Bunch’s push to put a quantitative lens on hiring for culture fit is well-intentioned. Taking a more “gut feel” approach to culture fit, as many managers currently do, can open up the organization to unconscious biases that threaten workforce diversity. There’s just one problem: Hiring for cultural fit is both more difficult and less effective than Bunch’s platform makes it look. Beyond the significant issue of bias, our research at CEB (now Gartner) shows that common strategies to change or strengthen culture by bringing in certain types of people don’t usually work.
Here are three main reasons why tools like Bunch’s are unlikely to produce the results organizations are looking for:
Numerous technological tools are promising to automate recruiting with the added bonus of helping to eliminate bias from the candidate sourcing and hiring process by using artificial rather than human intelligence to make hiring decisions. AI projects like the Mya chatbot or Project Manager Tara, along with more established companies like Atlassian, SAP, and Hirevue are optimistic that their technology can remove bias, but, as Simon Chandler of Wired points out, “AI is only as good as the data that powers it,” and right now that data is filled with flaws.
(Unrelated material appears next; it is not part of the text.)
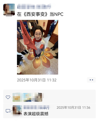 課堂從教室搬到了華清宮的紅墻黛瓦間,我們以“項(xiàng)目制教學(xué)”為筆,以百年歷史為紙,在這座見證過風(fēng)云變幻的園林里,寫下了不一樣的《創(chuàng)意寫作》答卷。沉浸式的歷史還原,當(dāng)《1212西安事變》劇目拉開帷幕。燈光暗下,槍炮聲在耳畔回響,歷史不再是課本上冰冷的文字,而是眼前鮮活的場景、滾燙的情感。我們換上民國校服,化身“民國女學(xué)生”,站在歷史的“片場”中,不僅親歷了那段驚心動魄的歲月,更從角色的視角捕捉到了時代洪流下的個體情緒——這份獨(dú)一無二的體驗(yàn),成了《創(chuàng)意寫作》最好的素材,讓文字有了溫度,讓故事有了靈魂。

There is a great risk in training algorithms with human-generated data because it could program them with the same biases they are hoping to correct. If an algorithm screens applicants based on the traits and characteristics of a company’s current high-performers, the end result will simply be an automated version of the existing biases in the recruiting process. The Atlantic profiled an illustrative example of this where tech startup Gild created a software that helped companies find programming talent. The software collected a lot of publicly-available information to determine a candidate’s likelihood for success, but some of the variables, such as an affinity for a specific website frequented by men, instilled a bias into their rankings. Though it was an indicator of success, using fans of that website as a predictive measure unfairly penalized women.
Our Diversity and Inclusion research team at CEB (now Gartner) has been looking into this challenge of algorithmic bias. Our position, which CEB Diversity and Inclusion Leadership Council members can read in full here, is that the burden of removing this bias is on the people developing the technology, not the end users on the recruiting team.